Scientific classification
- Kingdom: Animalia
- Phylum: Chordata
- Class: Mammalia
- Order: Chiroptera
- Family: Rhinolophidae
- Genus: Rhinolophus
- Species: R. acuminatus
- Binomial name: Rhinolophus acuminatus Peters, 1871

= Acuminate horseshoe bat =

- Genus: Rhinolophus
- Species: acuminatus
- Authority: Peters, 1871
- Conservation status: LC

Species of bat

The acuminate horseshoe bat (Rhinolophus acuminatus) is a species of bat in the family Rhinolophidae. It is found in Southeast Asia. It lives in forests and urban areas.
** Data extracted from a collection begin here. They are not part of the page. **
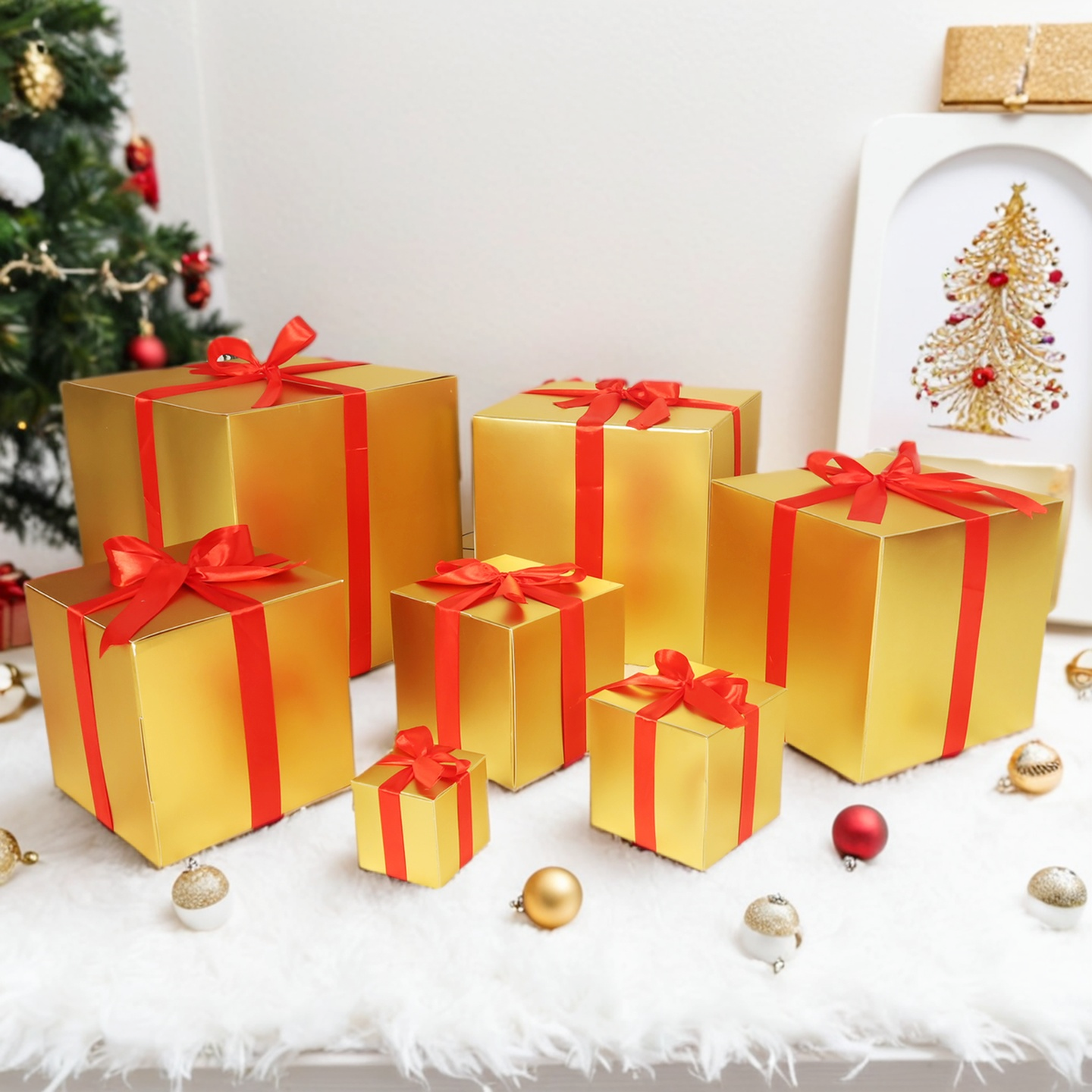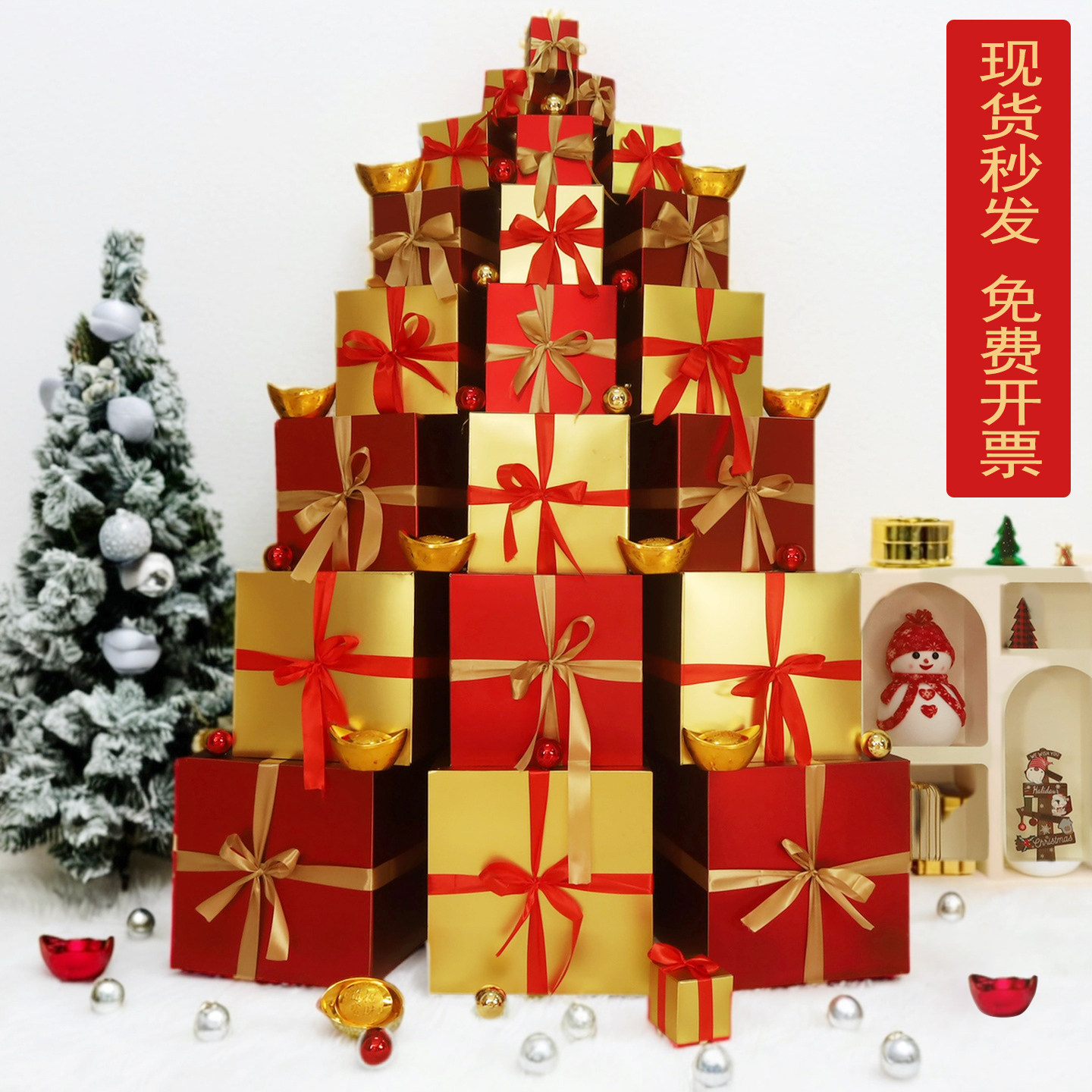 推荐理由:圣诞节装饰礼盒堆头商场橱窗金红色礼品物空盒子场景布置道具摆件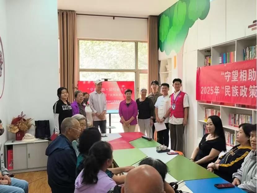 活动伊始,青年研习社成员通过精心设计的有奖问答环节,围绕《民族政策与法治思想》、《国家通用语言文字法》、《内蒙古自治区促进民族团结进步条例》等核心法规政策,与社区居民展开互动。现场气氛热烈,居民们踊跃抢答,在轻松愉快的氛围中深化了对民族政策的理解。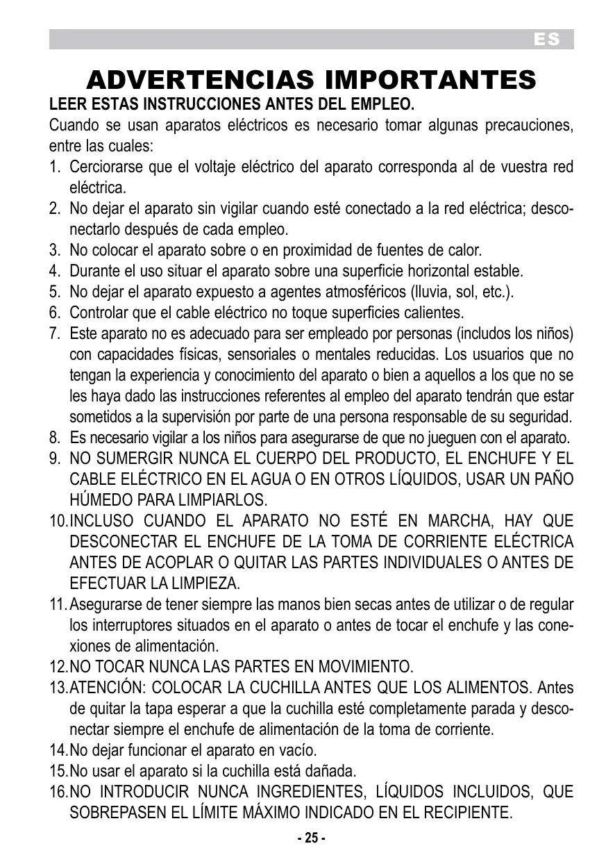 LEER ESTAS INSTRUCCIONES ANTES DEL EMPLEO. Cuando se usan aparatos eléctricos es necesario tomar algunas precauciones, entre las cuales: 1. Cerciorarse que el voltaje eléctrico del aparato corresponda al de vuestra red eléctrica. 2. No dejar el aparato sin vigilar cuando esté conectado a la red eléctrica; desconectarlo después de cada empleo. 3. No colocar el aparato sobre o en proximidad de fuentes de calor. 4. Durante el uso situar el aparato sobre una superficie horizontal estable. 5. No dejar el aparato expuesto a agentes atmosféricos (lluvia, sol, etc.). 6. Controlar que el cable eléctrico no toque superficies calientes. 7. Este aparato no es adecuado para ser empleado por personas (includos los niños) con capacidades físicas, sensoriales o mentales reducidas. Los usuarios que no tengan la experiencia y conocimiento del aparato o bien a aquellos a los que no se les haya dado las instrucciones referentes al empleo del aparato tendrán que estar sometidos a la supervisión por parte de una persona responsable de su seguridad. 8. Es necesario vigilar a los niños para asegurarse de que no jueguen con el aparato. 9. NO SUMERGIR NUNCA EL CUERPO DEL PRODUCTO, EL ENCHUFE Y EL CABLE ELÉCTRICO EN EL AGUA O EN OTROS LÍQUIDOS, USAR UN PAÑO HÚMEDO PARA LIMPIARLOS. 10. INCLUSO CUANDO EL APARATO NO ESTÉ EN MARCHA, HAY QUE DESCONECTAR EL ENCHUFE DE LA TOMA DE CORRIENTE ELÉCTRICA ANTES DE ACOPLAR O QUITAR LAS PARTES INDIVIDUALES O ANTES DE EFECTUAR LA LIMPIEZA. 11. Asegurarse de tener siempre las manos bien secas antes de utilizar o de regular los interruptores situados en el aparato o antes de tocar el enchufe y las conexiones de alimentación. 12. NO TOCAR NUNCA LAS PARTES EN MOVIMIENTO. 13. ATENCIÓN: COLOCAR LA CUCHILLA ANTES QUE LOS ALIMENTOS. Antes de quitar la tapa esperar a que la cuchilla esté completamente parada y desconectar siempre el enchufe de alimentación de la toma de corriente. 14. No dejar funcionar el aparato en vacío. 15. No usar el aparato si la cuchilla está dañada. 16. NO INTRODUCIR NUNCA INGREDIENTES, LÍQUIDOS INCLUIDOS, QUE SOBREPASEN EL LÍMITE MÁXIMO INDICADO EN EL RECIPIENTE. - 25 -

==Taxonomy and etymology==
It was described as a new species in 1871 by German naturalist Wilhelm Peters. Its species name "acuminatus" is Latin for "pointed." The inspiration for this name was perhaps its "sharply upwards pointed sella."

==Description==
Its forearm length is 48-50 mm; its tail length is 21-31 mm; its ear length is 20-21 mm. It weighs 11.5-13.5 g.

==Biology and ecology==
It is nocturnal, roosting in sheltered places during the day such as inside caves or on the undersides of palm leaves. It roosts in small colonies.

==Range and habitat==
It is found in several countries in Southeast Asia, including Cambodia, Indonesia, Laos, Malaysia, Myanmar, Thailand, and Vietnam.

==Conservation==
It is currently evaluated as least concern by the IUCN—its lowest conservation priority. Its range includes protected areas. It lacks major threats, although cave disturbance by humans is a local threat.